APAC real estate firm GLP has begun work on a new data center in Tokyo, Japan. The development is the company’s first in the country.

GLP this week announced it has broken ground on Tokyo West 1 (TKW1), a three-building campus totaling 31MW IT load.

TKW1-1 Japan.png
– GLP

Set on a 3,400 sqm (36,600 sq ft) site, the three-story Building 1 is expected to be ready for service by February 2025 and offer 10MW across 8,700 sqm (93,650 sq ft). Buildings 2 and 3 will offer 10MW and 11MW respectively.
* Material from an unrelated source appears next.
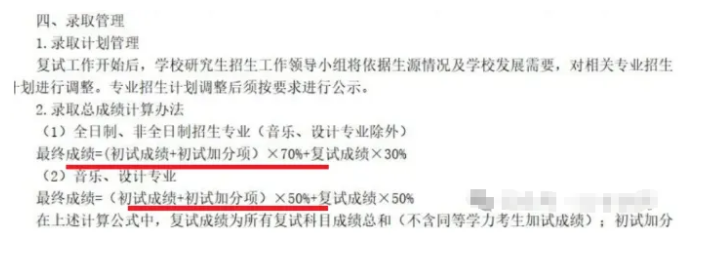 最终成绩=(初试成绩+初试加分项)×70%+复试成绩×30%

"This groundbreaking marks our first data center facility in this region and represents a significant milestone as we further establish our digital infrastructure business to be a leading provider in Japan. As a rising data center hub in Asia, Tokyo is a prime location for our entry into the market and we look forward to serving hyperscale and enterprise customers’ data capacity needs in this region,” said Yoshiyuki Chosa, president and CEO of GLP Japan. “We will leverage our expertise, scale, and synergies with our renewable energy business to provide customers with sustainable digital infrastructure to power the future.”

TKW1 will be constructed to LEED Gold certification standards, and the company said the site will partner with GLP’s renewable energy business to offer renewable energy options to customers.

Last year the Singapore-based logistics-focused real estate firm said it planned to invest ~$12 billion over the next five years to deliver 900MW of data center capacity in Japan, which it said would make the company one of the leading data center operators in the country.

“We are thrilled to celebrate the first of many groundbreakings in Japan as we begin to deliver capacity to both local enterprise and global hyperscale customers. With more than 600MW of IT load currently available across our four planned campuses in Tokyo and one in Osaka, we are positioned to deliver sustainable, safe, secure, and reliable data center solutions to satisfy current and future demand from business application, cloud, and AI computing deployments,” added Jennifer Weitzel, president of Global Data Center Business of GLP.

Founded in 2009, GLP is a global investment manager in logistics, digital infrastructure, and related technologies. The company has previously said that it had built "a competitive data infrastructure business" after investing in Chinese data centers in 2018. In 2019, GLP acquired a 60 percent stake in local data center company Cloud-Tripod.

The company doesn’t have a complete list of data centers on its website but says it currently has seven in-flight campuses across Japan, UK, and Brazil, totaling more than 850MW of power currently available and, combined with the Americas, more than 1,500MW in its global pipeline.

In China, the company also has data centers in Changshu and Huailai, and says it could reach 1.4GW of in-market capacity in the future.

Last year PropertyWeek reported GLP was considering nixing plans to build a multi-story warehouse in the Newham area of London in favor of a potential data center scheme.

Back in early 2021, the investor was believed to be considering cashing out of the sector - selling its business to Chinese cloud & data center firm GDS Holdings for $8-10 billion. But the deal cooled amid a valuation disagreement.